Patient selection for spinal cord stimulation


Patient selection is the most important aspect for impacting a good outcome in those who undergo SCS. The most relevant issues are patient characteristics, and disease state causing the pain syndrome.


Patient characteristics


Several factors are predictive of a potential poor outcome in SCS. While these factors do not indicate an absolute contraindication, they should be considered carefully in the decision process to implant a patient.



  • 1.

    Abuse or abnormal behavior with opioids suggesting abuse or diversion.



    • a.

      Dose escalation without doctor’s consent.


    • b.

      Lost or stolen prescriptions.


    • c.

      Early refill requests.


    • d.

      Doctor shopping.



  • 2.

    Presence of psychiatric and psychological disease.



    • a.

      Untreated severe depression or anxiety.


    • b.

      Untreated psychosis.


    • c.

      Personality disorders such as borderline disorder.



  • 3.

    Inability to understand risks and benefits of SCS.


  • 4.

    Presence of bleeding abnormalities.



    • a.

      Presence of drugs that impact bleeding.


    • b.

      Disease states that lead to increased risk.



  • 5.

    Presence of infection at the site of implant or systemically.


  • 6.

    Physician impression that the patient is a poor candidate.
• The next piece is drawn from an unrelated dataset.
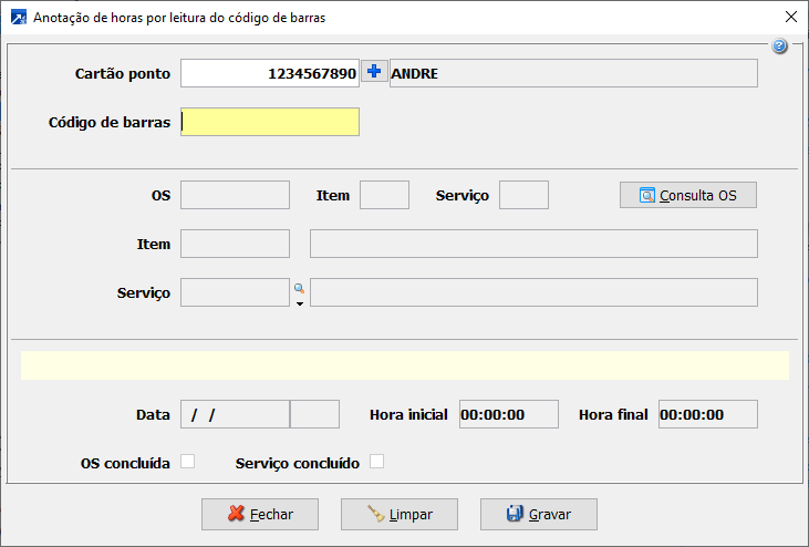 Possui atalho para carregar o técnico padrão informado anteriormente e também para repetir a anotação de horas de outro técnico para o serviço.

Disease-specific characteristics


The other major issue involved in the selection process is choosing the patient with the proper disease state and indication. Published literature has evolved on several patient groups who have undergone stimulation with both successful and less than optimal results. We can learn from this information to select patients in a more informed manner. This is also helpful to identify patients who are less likely to have an optimal outcome. The best outcomes may be expected in patients who have pain characterized by burning, crawling, stabbing, or shooting pain in the extremities after spinal surgery, those with spinal nerve entrapment from mechanical spinal diseases, complex regional pain syndrome type I and II, peripheral nerve injury, and painful neuropathies of various causes. Another group who have shown great promise are those that suffer from refractory angina, ischemic pain of the extremity, and pain related to peripheral vascular disease or vasospasm. Axial back pain once mystified the interventional pain physician and played a major role in SCS failure. With the advent of new percutaneous arrays, paddle multicolumn arrays, and combined epidural and peripheral nerve stimulation, more modern studies are reporting improved results, decreased opioid consumption, and improved return to work and to active duty in the armed services. Many other patient groups have been reported to be successfully treated with spinal cord stimulation, including intercostal neuralgia, spinal cord injury, focal peripheral nerve injury, phantom pain or neuropathic pain after trauma, and chest wall pain.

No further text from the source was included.